Fuera del terreno de lo fantástico, lo que el personaje siente, lo que Raymon se
dice, es que tuvo una alucinación. Los ojos se habían engañado y habían
engañado a su pensamiento. Que el fantasma es él mismo, su doble, está
implícito en el relato y aludido desde el título. Esta idea de alucinaciones en las
que aparece el doble, también está en El Horla (1887), otro famoso relato del
autor, aunque en éste último más pegado a la locura. En “¿Él?” se entrelaza con
la soledad, una soledad que engendra monstruos. Por eso, una vez más, no hay
nada sobrenatural en el cuento: es el contacto con la realidad, o con uno mismo,
lo que transforma un hecho en un camino hacia la angustia.
Ahora bien, ¿qué hace Raymon para escapar de esa angustia? A pesar de que
“[c]onsidero al ayuntamiento legal una tontería.

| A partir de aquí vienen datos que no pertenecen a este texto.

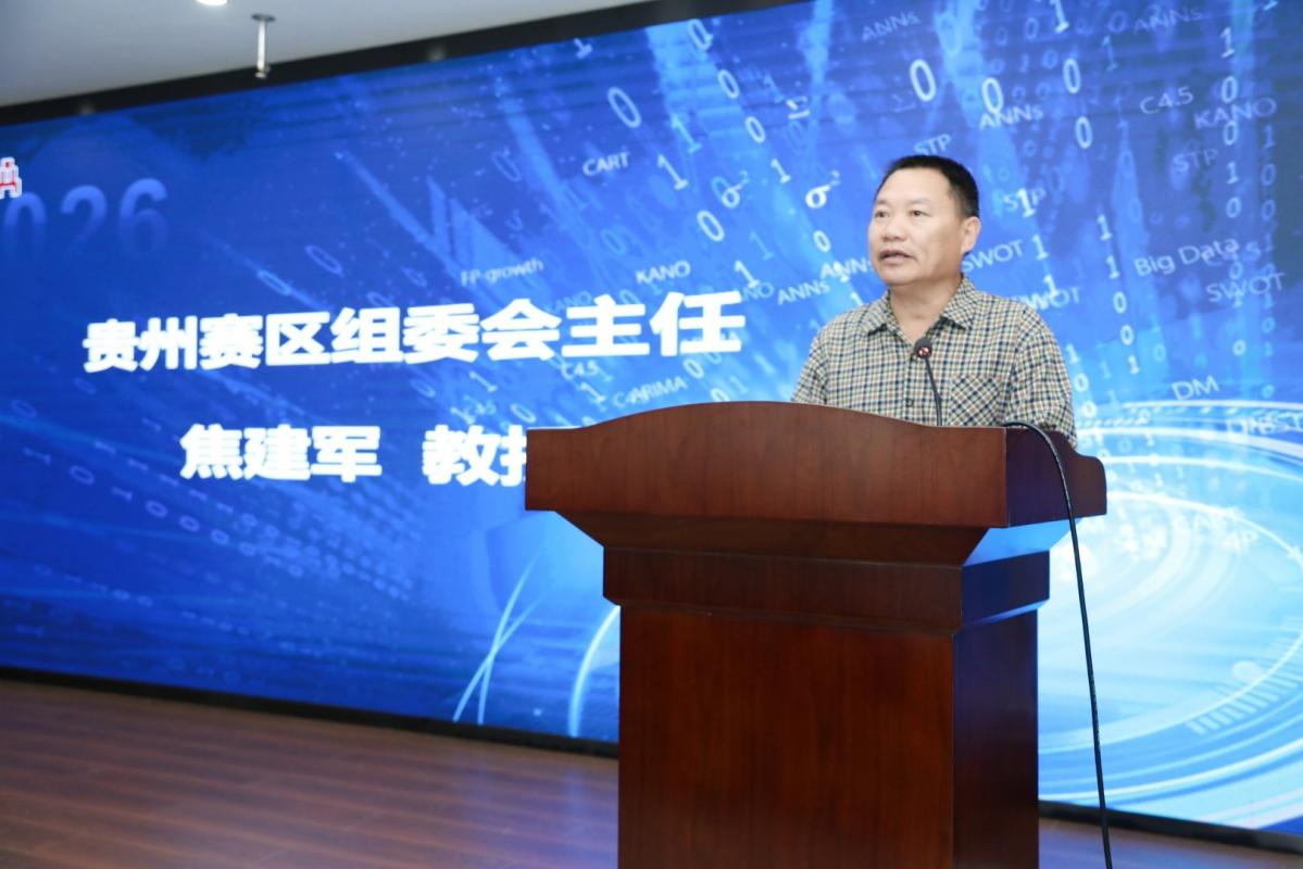 赛区组委会主任、贵州省大数据统计分析重点实验室焦建军教授回顾了此项赛事的发展历程,通报了本届贵州省赛的参赛情况,来自全省25所高校的6925名本科生报名参赛,历经知识赛网考、校实践赛选拔、省选拔赛报告评审等环节的激烈角逐,来自贵州大学、小象直播

Estoy seguro de que ocho
maridos de cada diez son cornudos”, y de que “[q]uerría tener mil brazos, mil
labios y mil…temperamentos para poder estrechar al mismo tiempo a un ejército
de esos seres encantadores y sin importancia”, elige casarse con “una chica como
se encuentran miles, buena para casarse, sin cualidades ni defectos aparentes,
en la burguesía corriente”.
Está claro que no hay un “sí, quiero”, y que sí hay un posible creador que elige
mal a su pareja -el lamentable bienestar por sobre el fantasma-. Se casa,
entonces, nos dice Zarathustra, porque “os refugiáis en el prójimo al huir de
vosotros mismos”: para afirmar lo que se es, por su imposibilidad a ir más allá de
lo que ya es. Porque “tienes miedo, y corres en busca de tu prójimo”: el prójimo es
quien da la mirada especular, la imagen espejada, cómoda y estática.
El fantasma no nos da esa mirada. El fantasma nos mata, como en William
Wilson (1839) de Poe, o en El retrato de Dorian Gray (1891) de Wilde. Nos mata
porque nos transforma: no nos deja ser, para llegar a ser. “Más elevado que el
amor a los hombres es el amor al fantasma”. Zarathustra nos dice que tenemos
que crear nuestros propios fantasmas, sacarlos de nosotros mismos. Que antes
que casarse sería mejor perderse en esa locura para transformarla en la propia
virtud. Pero para eso es necesario de una fuerza, una voluntad de poder, que el
yo-astuto no tiene. Por eso Raymon le dio la espalda, y prefirió ir por su buen
nombre y su pequeña fortuna, por el lamentable bienestar en vez de gestar y
parir las estrellas danzarinas que aún lo habitaban, en vez de ir al encuentro, de
abrazar y darle carnadura a su fantasma.